Since the first use of battery-based energy recovery (KERS) in 2009 and the start of the full hybrid era with significant battery power in 2014 F1 has moved from purely naturally aspirated engine power to systems which partially include electrical power.
I’m sure that over this time a lot of the innovation has helped in improving the batteries and systems used in electric and hybrid road cars, but everything has its limits.
The new regulations which came into effect with the Australian Grand Prix this year mean that 50% of the power comes from the internal combustion engine and 50% is electricity from the battery and energy recovery system. The internal combustion engine now uses 100% sustainable fuel, i.e. Biofuel.
The result of these changes to the rules turn F1 into a hybrid energy management sport as much as a racing one:
- Drivers constantly balance harvesting vs deploying energy
- Electric power is now as important as the engine
- Races will depend heavily on who uses their battery smartest, not just who has the fastest car
- Drivers are complaining that qualifying is not now based on who can drive the fastest
This, to me, is all nonsensical.
The development of the new battery systems which are able to go from 100% full to totally empty within 11 seconds serves no useful purpose to man nor beast, and certainly none to standard road vehicles.

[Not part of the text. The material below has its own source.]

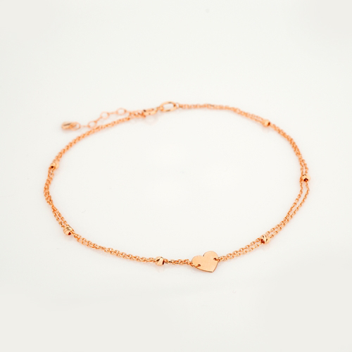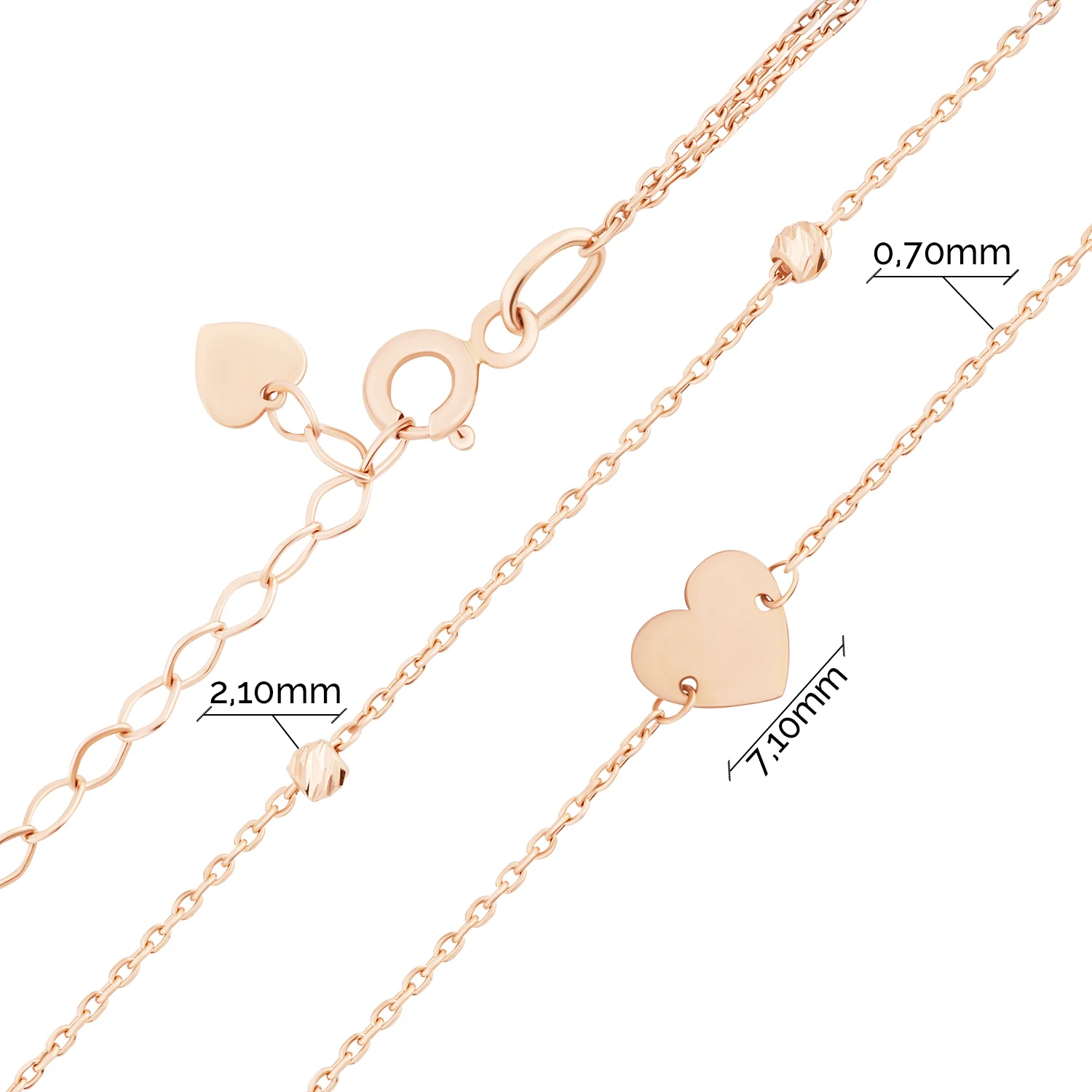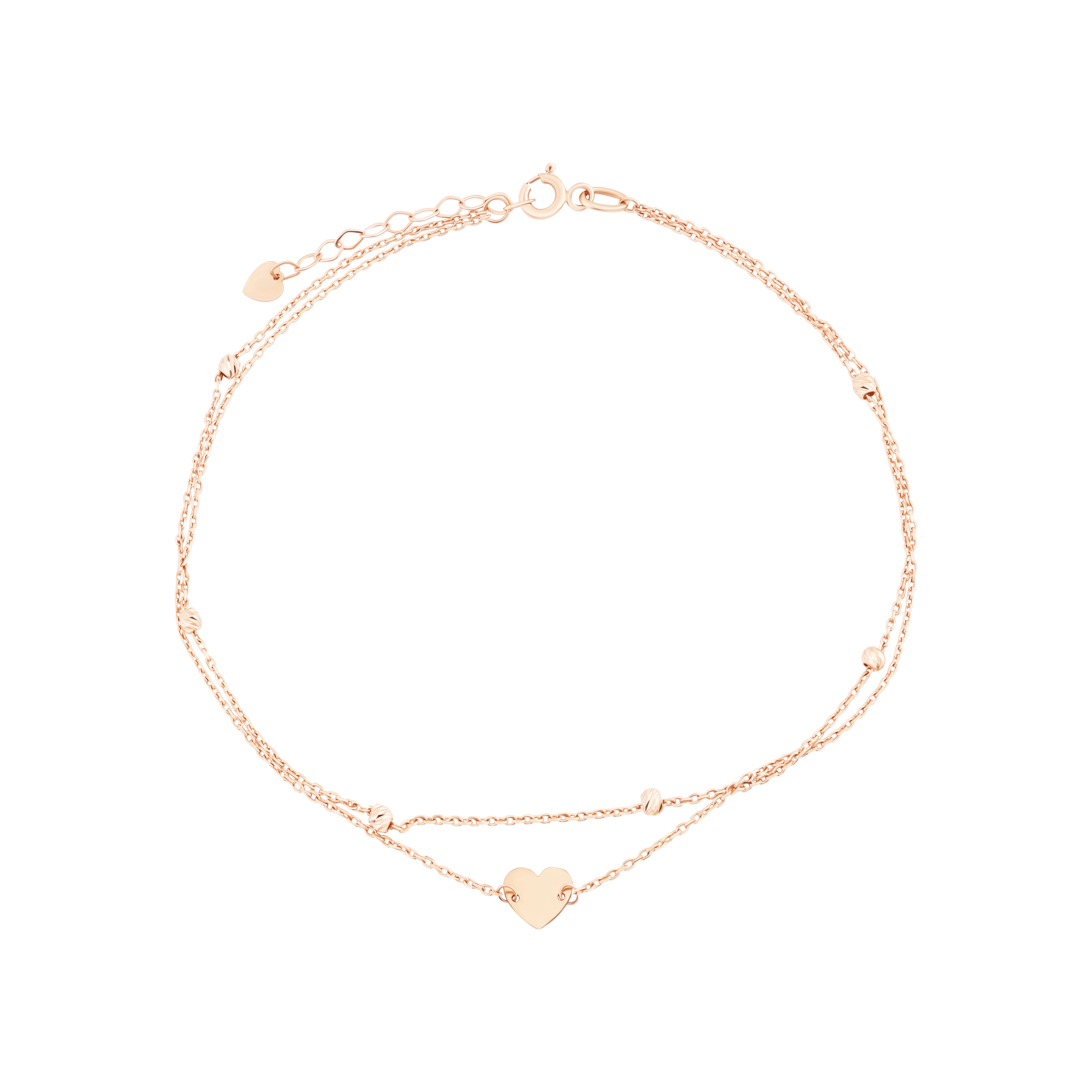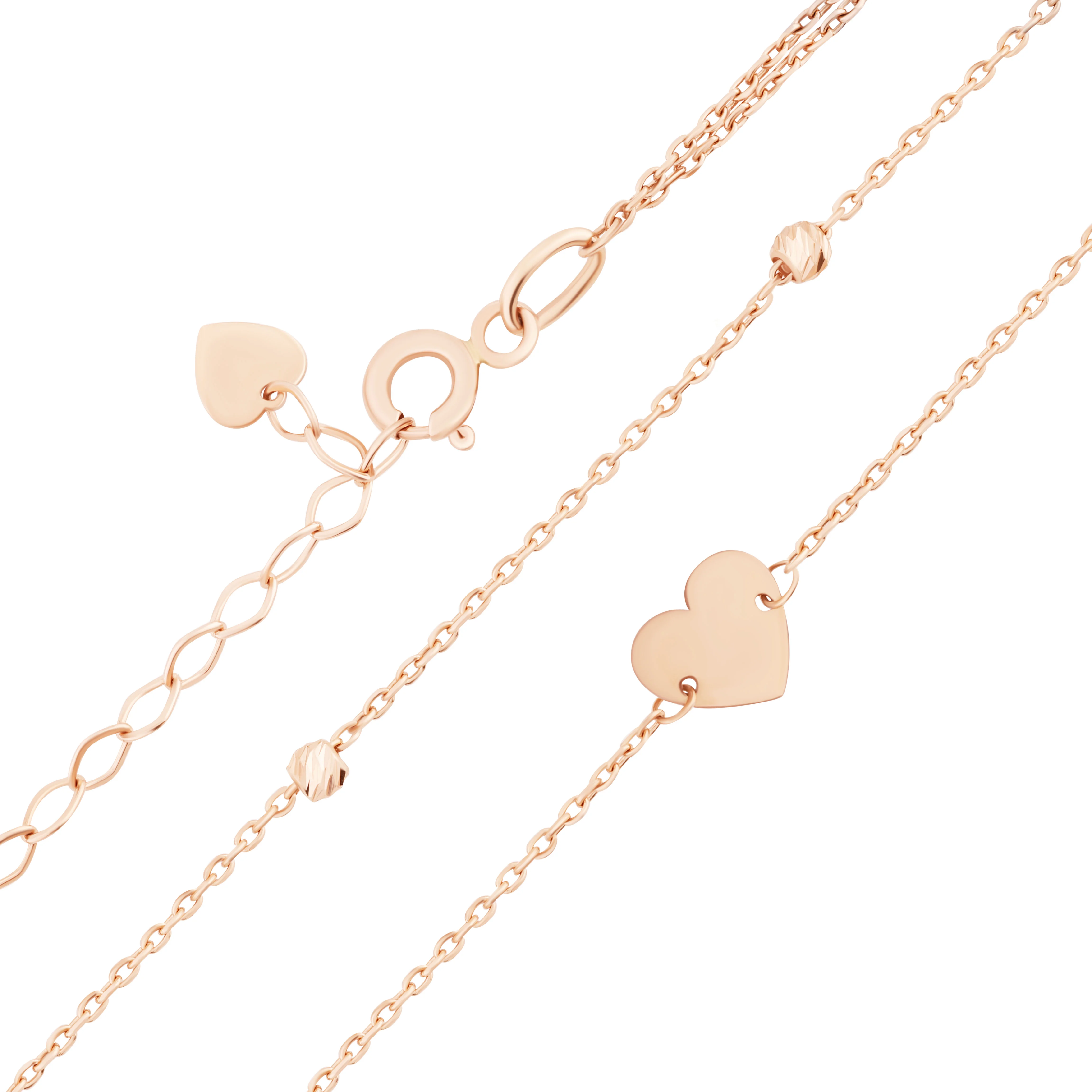Браслет подвійний із червоного золота "Кульки і серце" у якірному плетінні - 2134891

Given that it will never practicably be possible to have all road vehicles powered by electricity, wouldn’t it have made more sense to have moved this time to 100% Biofuel?
That would have opened the way to investment in producing more efficient Biofuels, for the benefit of all those motorists for whom electric vehicles would be impractical, and allowed a return to what F1 is intended to be at its core … pure racing.